To solve this quadratic equation, you can use factoring, completing the square, or the quadratic formula. Let's use the quadratic formula:
The quadratic formula states that the solutions to the equation ax^2 + bx + c = 0 are given by:
x = (-b ± sqrt(b^2 - 4ac)) / (2a)
For our equation 5y^2 - 40y + 75 = 0, the coefficients are a = 5, b = -40, and c = 75.
Substituting these values into the quadratic formula:
y = (-(-40) ± sqrt((-40)^2 - 4(5)(75))) / (2(5))
Simplifying inside the square root:
y = (40 ± sqrt(1600 - 1500)) / 10
y = (40 ± sqrt(100)) / 10
y = (40 ± 10) / 10
This gives us two possible values for y:
1. y = (40 + 10) / 10 = 50 / 10 = 5
2. y = (40 - 10) / 10 = 30 / 10 = 3
Step 4: Find the corresponding values of x.

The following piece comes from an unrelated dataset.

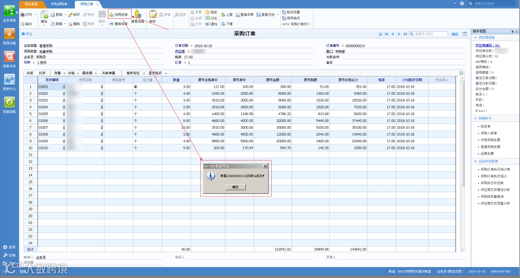 通过供应链集成,实现业务流程闭环。员工通过移动端随时查看库存信息并完成请购单填写,填写完成后,自动推送到管理者待办事项中;管理者通过PC端对业务数据进行审批并及时修正,系统依据修正内容自动留痕;已审核的采购请购单自动回写到U8采购管理系统中,采购人员参照请购单批量生成采购订单,通过“协同送审”,单据自动推送到协同平台中。通过“流程查看”,业务员可查看该单据的审批流程,实时跟踪项目进度,还可以进行催办,快速对业务进行确认,提升审批效率。在采购订单签订后,若发生订单变更,可通过“变更”功能完成数据变更,随后单据将再次送审到协同平台完成审批,采购订单变更后,在协同平台审批通过的原采购订单数据自动显示“已变更”,至此形成业务闭环。

To find the values of x, substitute these values of y back into one of the original equations. Let's use the second equation:
x + 2y = 10
For y = 5:
x + 2(5) = 10
x + 10 = 10
x = 0
So one solution is x = 0, y = 5.
For y = 3:
x + 2(3) = 10
x + 6 = 10
x = 4
So the other solution is x = 4, y = 3.
Step 5: Check the solution.
To check if these solutions are correct, substitute the values of x and y into both equations and see if they satisfy the given equations.
For x = 0, y = 5:
x^2 + y^2 = 0^2 + 5^2 = 0 + 25 = 25 (satisfied)
x + 2y = 0 + 2(5) = 10 (satisfied)
For x = 4, y = 3:
x^2 + y^2 = 4^2 + 3^2 = 16 + 9 = 25 (satisfied)
x + 2y = 4 + 2(3) = 4 + 6 = 10 (satisfied)
Therefore, the solutions to the system of equations are x = 0, y = 5 and x = 4, y = 3.